My folks would have cocktail parties

I remember as a child,

on Saturday nights in the city.

Cigarettes glowed, Martini’s flowed.

 

From the back bedroom, my sister and I

would listen to grown up chatter

as if some pearl of wisdom heard

would somehow really matter.

 

Kept awake by the noise,

we’d play a game of chicken

shoving each other round the corner

only to be stricken

 

with terror and embarrassment

as we stood in the middle of that space,

in our nightgowns and slippers

as if on stage, exposed, red faced,

 

and mortified, as the guests looked up

momentarily distracted from conversation.

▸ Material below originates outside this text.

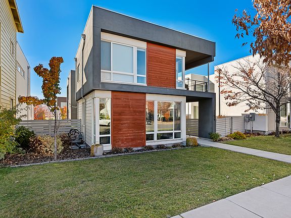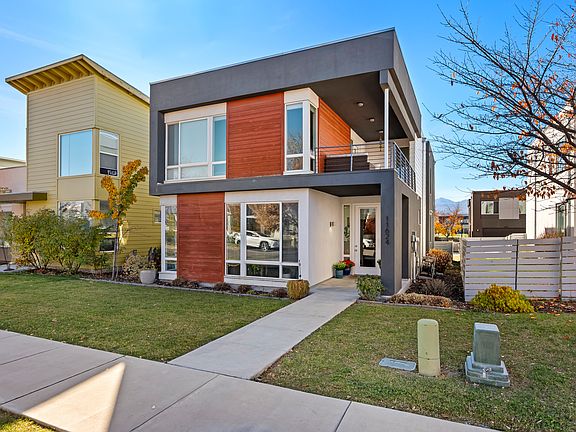 This beautiful home-featured in the 2014 Parade of Homes-offers a perfect blend of modern design, comfortable living, and energy efficiency. The gourmet kitchen showcases sleek Italian cabinetry, quartz countertops, a gas stove, and new Bespoke Samsung AI-powered glass-front appliances. Designed with sustainability in mind, the home features a tankless water heater, water softener, air filtration system, 220V EV outlet in the garage, and solar panels for reduced utility costs. Enjoy indoor-outdoor living at its finest with a spacious patio off the kitchen-ideal for entertaining-and a covered deck off the primary bedroom for private relaxation. Lovingly maintained and move-in ready, this home offers access to all that Daybreak has to offer, including lake activities, a fitness center, scenic parks and trails, dining, shopping, the new Bee's stadium, and convenient TRAX access. Square footage figures are provided as a courtesy estimate only and were obtained from tax assessor data. Buyer is advised to obtain an independent measurement.

With ****** expressions asking the question

“what could be their motivation”?

 

Then back to the festivities at hand,

paying no attention to the childish prank,

they continued smoking their cigarettes,

Manhattans, Martini’s - they drank.

 

As children we wondered

on those Saturday nights,

is this what grown “upness” is like?

Will we have to drink whiskey

and smoke Lucky Strike?

 

 

To have good friends and neighbors

Come to our parties

With trays of canapés and appetizers

Is that what will make us popular?

Happy, interesting, wiser?

 

We plotted and planned,

How our grown up lives

Would be different than mom and dad

It seemed silly to us to make such a fuss

When tomorrow they’d still be sad.

My folks would have cocktail parties

I remember as a child

on Saturday nights in the city

But the clink of ice, didn’t stop at night

It continued on through the daytime too!

Now wasn’t that a pity?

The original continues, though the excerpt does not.